SIP stoppage ratio is the SIP accounts discontinued versus new SIP accounts opened. In April, SIP stoppage ratio rose sharply to 298 percent due to a reconciliation exercise conducted by the Registrar and Transfer Agents and exchanges in compliance with a regulatory directive.
Bond markets
In the fixed income space, the US Treasury market has been seeing volatility with yields initially declining and then moving up sharply as a result of reciprocal tariffs imposed by the US on all countries. While yields on US Treasuries narrowed by 4 basis points (bps) over the month, the volatility around reciprocal tariffs and the uncertainty thereof led to swings in bond yields.

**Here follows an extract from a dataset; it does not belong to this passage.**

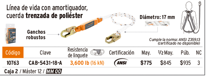 Línea de vida 1.8m cuerda poliéster, absorbedor impacto,ANSI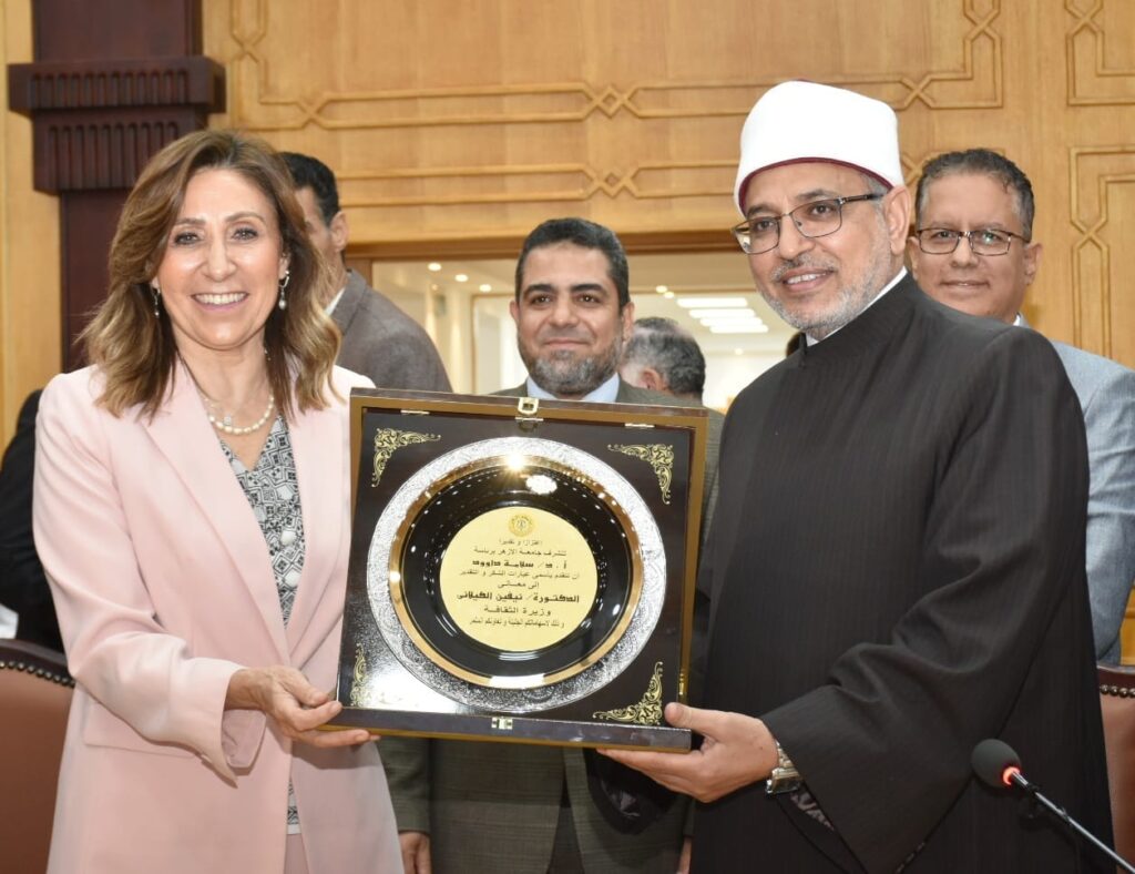 وقالت وزيرة الثقافة: “إننا نتطلع للعمل سويًا في ظل قيادة سياسية رشيدة تضع الإنسان المصري في مكانته التي يستحقها، وتوفر له الحياة الكريمة التي يتطلع إليها، وتعده للمستقبل متسلحًا بالعلم والمعرفة وقيم حضارته الأصيلة، كما أتطلع أن نعمل سويًا لنشر الثقافة المصرية بتنوعها الفريد، واستثمار المواهب الإبداعية والفنية لأبنائنا طلاب جامعة الأزهر”.

Within a week, the yields rose to 4.5 percent from 4 percent levels after the announcement on tariffs by the US administration.
According to analysts at Axis Mutual Fund, the US will see its growth slowdown and the US Federal Reserve may lower interest rates by another 50 to 75 bps. However, the tariffs could lower growth, and this could mean a rate cut cycle of 75 to 100 bps, they say.
“India, too, will witness slower growth, but what holds the country in good stead is the limited goods exports to the US, but the services exports to the US is a higher component. The 90-day pause, while giving near-term respite, extends trade policy uncertainty, which could weigh down investment and consumption,” they add.